The next morning, Sunday, I woke up sick with dread. What if he'd caught a glimpse of me at the bar? What if my co-workers recognized him after I'd left, what if they'd talked to him? I'd been known to show off pictures of him at work. "Look at my handsome older brother, the eligible bachelor..."
But I'm good at keeping secrets. When mom asked about girls' night out, I said I hadn't gone because I seemed to be catching a bug. I didn't have to explain about going to a drag show at a gay bar, or the fact that one of my co-workers was in the drag show. I'd been excited to tell the family shocking stories of drag queens and same-sex relationships, and to get a good rousing debate going with Elizabeth, my highly religious sister, and Melanie, the resident devil's advocate. But I kept quiet and to myself, continuing the pretense that I was coming down with something.
The next Sunday was easier. I was getting used to knowing that my brother was gay. I didn't personally have a problem with it, anyway. I always liked gay people. They seem honest, somehow, as if they've done their soul-searching and come out of it more whole than other people. And they were attractive to me for their youthful pursuit of self-discovery. I yearned for gay boyfriends – campy queens with a flair for drama. As far as Silas, who was no campy queen, well, I just needed a little time to focus my lens of knowledge in this new way.

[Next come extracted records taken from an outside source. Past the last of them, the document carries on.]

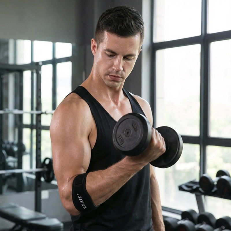 Pidän siitä, ettei tämä tuki liu’u pois päältä edes kuntosalilla. Paine lievittää kipua ja kangas pitää käteni viileänä.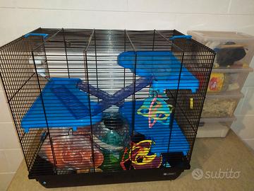 gabbia su 3 livelli, accessori gabbia, canapa per 3 anni minimo (200 litri), labirinto gioco, trasportino, mangime, giochi. tubi, ruote....etc.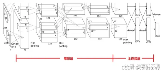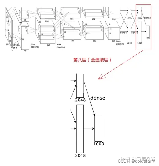 AlexNet 网络结构共有 8 层,前面 5 层是卷积层,后面 3 层是全连接层,最后一个全连接层的输出传递给一个 1000 路的 softmax 层,对应 1000 个类标签的分布。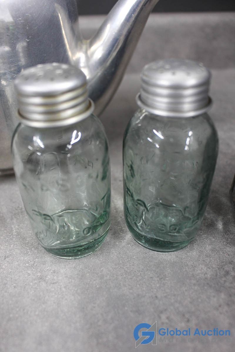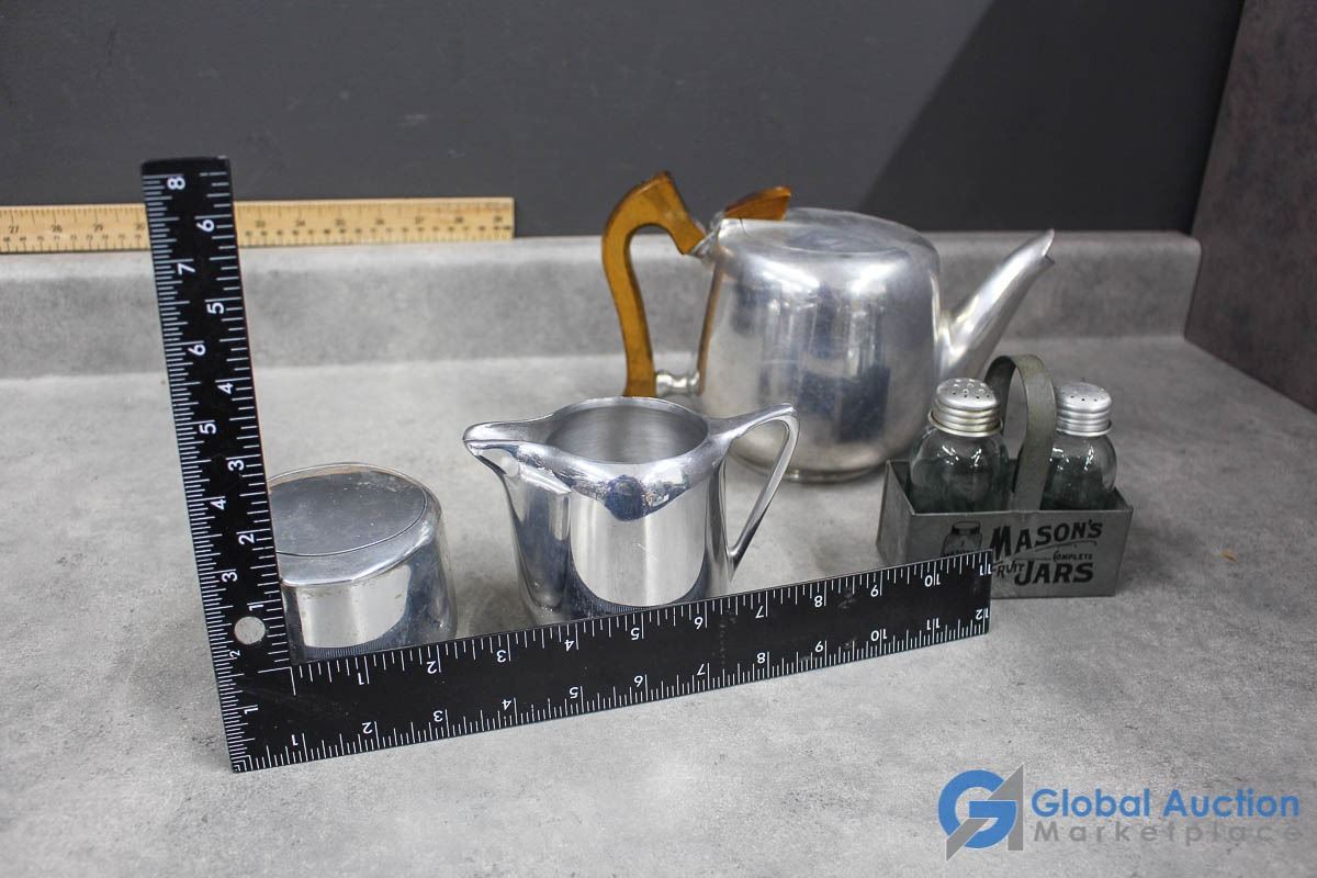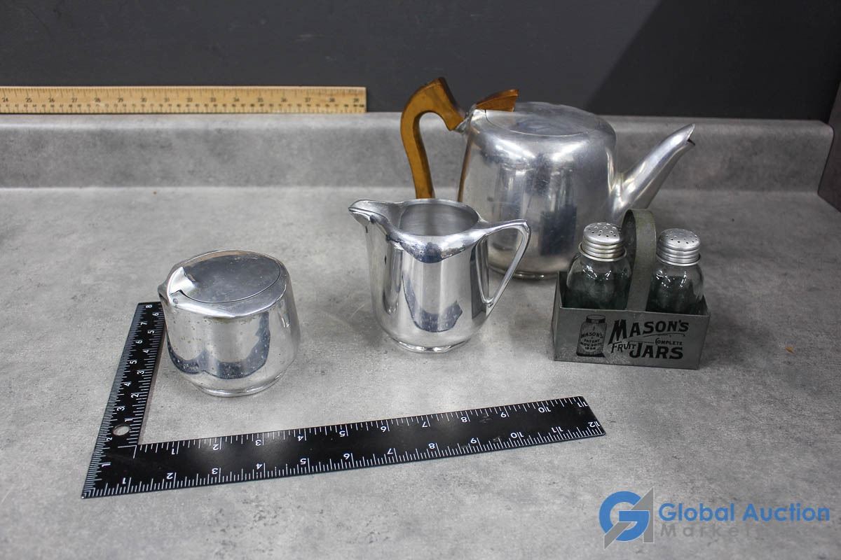 Made in England Silver Tea Set, & Salt & Pepper Shaker Set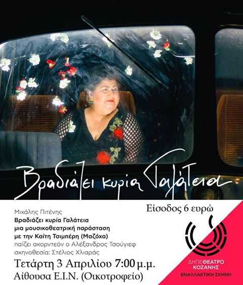 Ο Πολιτιστικός Σύλλογος Νεστορίου σας προσκαλεί στην θεατρική παράσταση «Βραδιάζει κυρία Γαλάτεια» η οποία έρχεται για πρώτη φορά στον νομό μας φέτος. Την Τετάστη 3/4/2019 και ώρα 7:00μ.μ. στην αίθουσα του Ε.Ι.Ν. στο Νεστόριο.
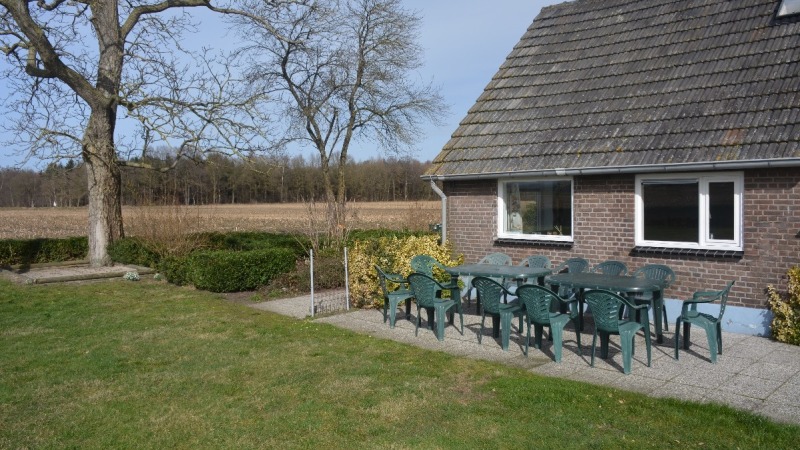 Grasveld waar de hele dag zon is behalve onder de appelboom is schaduw. Hier kan men voet- en/of volleyballen. Terras, zandbak en schommel aanwezig. Aan de ene kant van het huis kijk je de weilanden in en aan de andere kant is het bos. Ruime parkeergelegenheid.

I always worried that Silas would marry someone I didn't like. He was the big brother, and as such, he was larger than life, a hero, and he belonged to us. A boy who'd grown up surrounded by four sisters, teasing and tormenting, and greeting their dates at the door with a scowl. He'd never approved of our choices in men. Once I knew his secret, I could kind of see why.
I felt a moment of sheer relief that made me giddy. Soon they all would know about Silas. It struck me as too silly that I was sitting in my closet listening to family secrets, while Silas has been in his own closet all this time for no purpose. I imagined, for a moment, the bru-ha-ha his news will create next Sunday. It might be the most exciting Sunday of all time.
And then the horror slammed home. My mother expected to be dead before Sunday. She was setting us up to continue without her – setting us up to have "issues." If Silas came out of the closet, we'd have something to talk about.